I would also like to ask what is the meaning of the rules having an equal sign ("="), e.g. rpsL@*=. What are some examples of mutations that match this pattern/rule?

Thank you in advance, and sorry for the stupid questions.

JeremyWesthead commented 1 year ago

Hi,

The WHO catalogue (and other catalogues) consist of specific mutations which confer phenotypes, such as rpoB@S450L. They also include default rules so that any mutation compared to the catalogue is able to retrieve a prediction. These are based on previous literature and logic - originating during the CRyPTIC project, and specify that for mutations other than ones explicitly specified:

In the case of the WHO catalogue, the publication refers to a set of expert rules which further extends these default rules, some of which are specific, some are more general. For example, rpoB@S431? is an expert rule, but so is pncA@-126_del_c. Differentiating the mutations within the catalogue, and those covered by the default/expert rules is therefore an ambiguous task and is not recommended. The default rules also never specify R, and so should only give uncertainty at most (which would otherwise be a logical conclusion).

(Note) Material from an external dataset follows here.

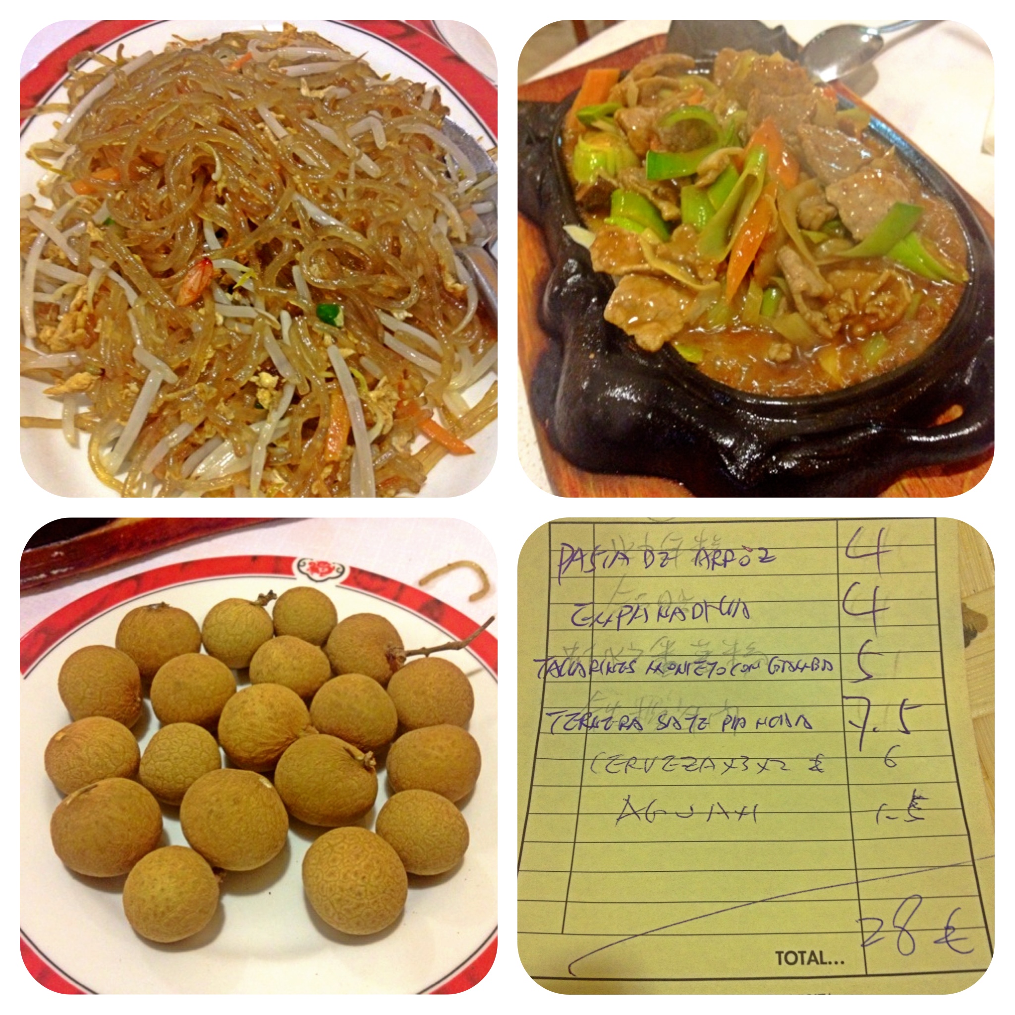 También nos pusieron en mesa los otros 2 platos que completaban nuestro pedido. Por un lado, unos ‘insulsos’ tallarines de boniato con gamba que como cantidad bien, pero como sabor fatal. No sabían a nada y se salvaban la soja y demás verdura que lo acompañaba. La verdad, fue un poco decepcionante. Y por otro, una ternera a la plancha que fue presentada en una típica plancha de hierro al rojo rollo ‘tie-pan’ y que, por desgracia, nos recordó a todos al típico plato del estilo que sirven en un chino de los clásicos del rollito y la salsa agridulce. Estaba rico pero la experiencia gastronómica no iba mas allá un sabor correcto y gustativamente familiar (y la verdad no es lo que esperas cuando buscas comida china china de verdad). En fin, al igual que en Ruyi no hay postres y mientras pedíamos una botella grande de agua nos obsequiaron con un platito de lichys de un tamaño grandecito, que a los que les gusta la fruta comentaron que estaban bastante bien.

Rules of the form gene@*= are denoting any synonymous amino acid mutation in this gene. These are therefore default rules which usually denote S. There is a priority handling, so that such default rules are only used if there is not a more specific mutation in the catalogue. An example of this would be for fabG@L203L, which confers resistance, but would otherwise be covered by fabG1@*= produces a prediction of R as expected.

A more detailed breakdown of GARC (the nomenclature used for mutations) can be found here

alantsangmb commented 1 year ago

Thank you so much for explaining in detail.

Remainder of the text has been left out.